_Assignment_
Starting with the line that contains "Mesa de comedor" and stopping after the line that contains "Select Website Data", return each line below exactly as written, with no others.

_Data shown_
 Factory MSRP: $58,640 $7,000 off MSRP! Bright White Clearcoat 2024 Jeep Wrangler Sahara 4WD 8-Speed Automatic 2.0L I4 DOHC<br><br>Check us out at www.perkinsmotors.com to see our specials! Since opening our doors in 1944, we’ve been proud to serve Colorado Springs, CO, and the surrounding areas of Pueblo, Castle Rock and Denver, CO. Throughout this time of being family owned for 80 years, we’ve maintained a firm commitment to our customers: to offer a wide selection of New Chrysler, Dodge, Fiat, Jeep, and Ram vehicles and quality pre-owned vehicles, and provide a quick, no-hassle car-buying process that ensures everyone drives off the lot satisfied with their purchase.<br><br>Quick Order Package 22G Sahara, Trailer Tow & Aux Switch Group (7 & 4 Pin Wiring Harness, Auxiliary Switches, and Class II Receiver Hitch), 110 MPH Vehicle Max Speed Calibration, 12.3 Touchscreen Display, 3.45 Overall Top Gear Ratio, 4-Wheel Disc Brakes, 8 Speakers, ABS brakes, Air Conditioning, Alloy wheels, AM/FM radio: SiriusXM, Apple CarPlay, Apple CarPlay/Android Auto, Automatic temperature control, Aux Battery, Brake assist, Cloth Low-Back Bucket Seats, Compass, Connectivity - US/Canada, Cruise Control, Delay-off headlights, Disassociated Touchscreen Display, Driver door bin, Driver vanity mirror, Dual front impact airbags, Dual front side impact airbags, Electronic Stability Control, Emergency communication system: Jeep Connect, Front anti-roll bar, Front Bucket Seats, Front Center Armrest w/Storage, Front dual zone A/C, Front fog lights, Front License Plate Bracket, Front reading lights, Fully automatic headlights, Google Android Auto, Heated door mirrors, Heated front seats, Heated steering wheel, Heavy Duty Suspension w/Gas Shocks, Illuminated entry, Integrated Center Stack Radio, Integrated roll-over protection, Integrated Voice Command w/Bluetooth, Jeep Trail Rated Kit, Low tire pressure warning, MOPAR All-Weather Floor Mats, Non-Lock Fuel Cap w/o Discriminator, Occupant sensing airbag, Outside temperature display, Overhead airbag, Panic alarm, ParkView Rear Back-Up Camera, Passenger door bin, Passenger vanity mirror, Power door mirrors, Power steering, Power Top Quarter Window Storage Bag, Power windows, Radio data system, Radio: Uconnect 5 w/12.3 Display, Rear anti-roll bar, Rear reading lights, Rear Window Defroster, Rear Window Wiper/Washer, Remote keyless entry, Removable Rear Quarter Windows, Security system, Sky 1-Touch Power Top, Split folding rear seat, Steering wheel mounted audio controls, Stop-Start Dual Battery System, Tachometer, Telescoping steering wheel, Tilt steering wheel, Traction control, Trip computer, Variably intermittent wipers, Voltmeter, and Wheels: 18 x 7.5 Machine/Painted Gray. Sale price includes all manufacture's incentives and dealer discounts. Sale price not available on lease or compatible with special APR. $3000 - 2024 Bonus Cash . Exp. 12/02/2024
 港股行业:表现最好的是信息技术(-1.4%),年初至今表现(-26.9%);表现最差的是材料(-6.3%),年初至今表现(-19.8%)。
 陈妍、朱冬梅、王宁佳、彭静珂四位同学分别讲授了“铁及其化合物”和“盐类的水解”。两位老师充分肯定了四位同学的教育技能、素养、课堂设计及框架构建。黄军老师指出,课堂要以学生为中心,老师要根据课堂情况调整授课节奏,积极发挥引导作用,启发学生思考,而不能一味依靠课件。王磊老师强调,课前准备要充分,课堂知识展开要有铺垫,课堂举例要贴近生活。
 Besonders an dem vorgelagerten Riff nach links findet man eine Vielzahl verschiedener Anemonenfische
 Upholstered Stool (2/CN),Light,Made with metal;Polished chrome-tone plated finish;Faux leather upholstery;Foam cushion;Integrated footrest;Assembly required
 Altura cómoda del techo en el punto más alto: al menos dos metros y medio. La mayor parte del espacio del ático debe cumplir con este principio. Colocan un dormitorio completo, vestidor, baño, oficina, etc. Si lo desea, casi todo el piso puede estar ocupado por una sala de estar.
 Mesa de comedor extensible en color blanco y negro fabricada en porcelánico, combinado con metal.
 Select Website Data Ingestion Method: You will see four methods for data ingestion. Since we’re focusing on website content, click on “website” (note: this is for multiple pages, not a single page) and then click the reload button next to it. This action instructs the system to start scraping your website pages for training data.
* * *
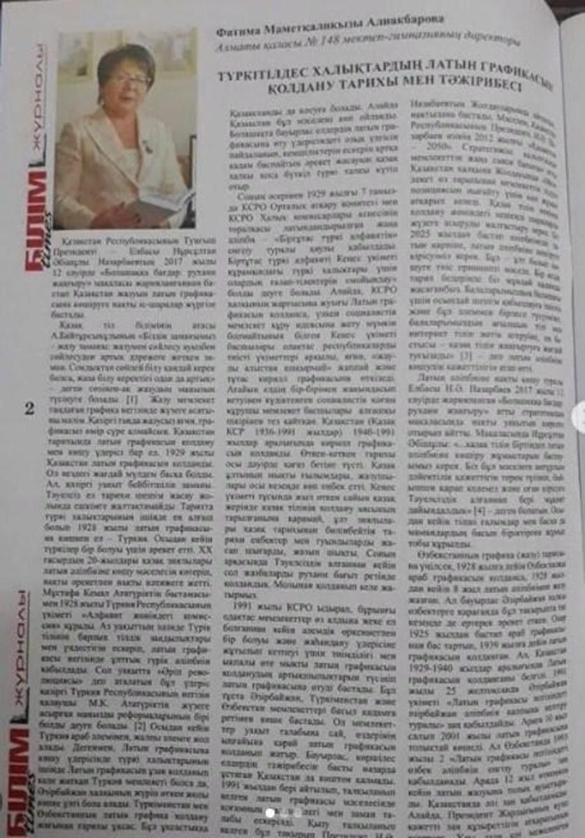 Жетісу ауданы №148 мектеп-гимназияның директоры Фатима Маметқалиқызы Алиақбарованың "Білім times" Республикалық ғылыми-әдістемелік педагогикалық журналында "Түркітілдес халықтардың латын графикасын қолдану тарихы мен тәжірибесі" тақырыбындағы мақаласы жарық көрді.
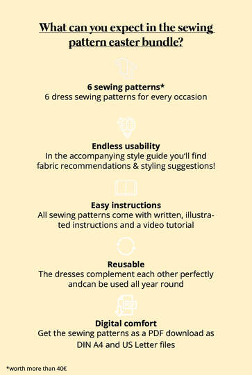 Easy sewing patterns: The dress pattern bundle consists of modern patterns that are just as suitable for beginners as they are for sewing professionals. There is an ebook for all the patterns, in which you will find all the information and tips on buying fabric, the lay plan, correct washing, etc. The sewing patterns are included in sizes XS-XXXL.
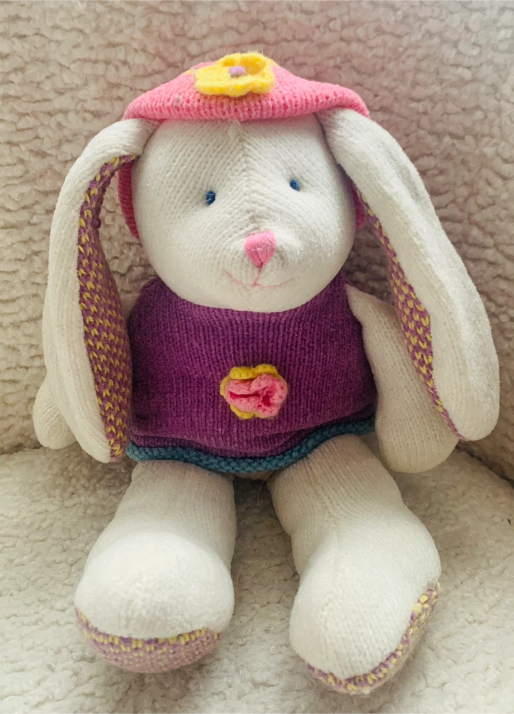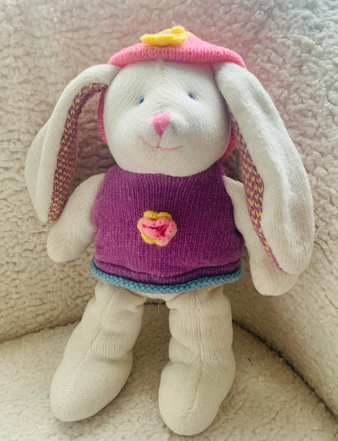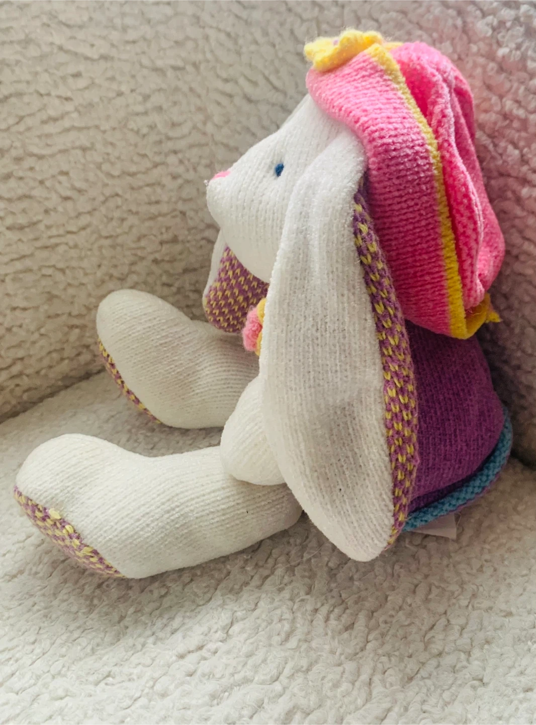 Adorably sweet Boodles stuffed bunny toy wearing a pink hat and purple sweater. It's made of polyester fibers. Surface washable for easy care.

_Your solution_
 Mesa de comedor extensible en color blanco y negro fabricada en porcelánico, combinado con metal.
 Select Website Data Ingestion Method: You will see four methods for data ingestion. Since we’re focusing on website content, click on “website” (note: this is for multiple pages, not a single page) and then click the reload button next to it. This action instructs the system to start scraping your website pages for training data.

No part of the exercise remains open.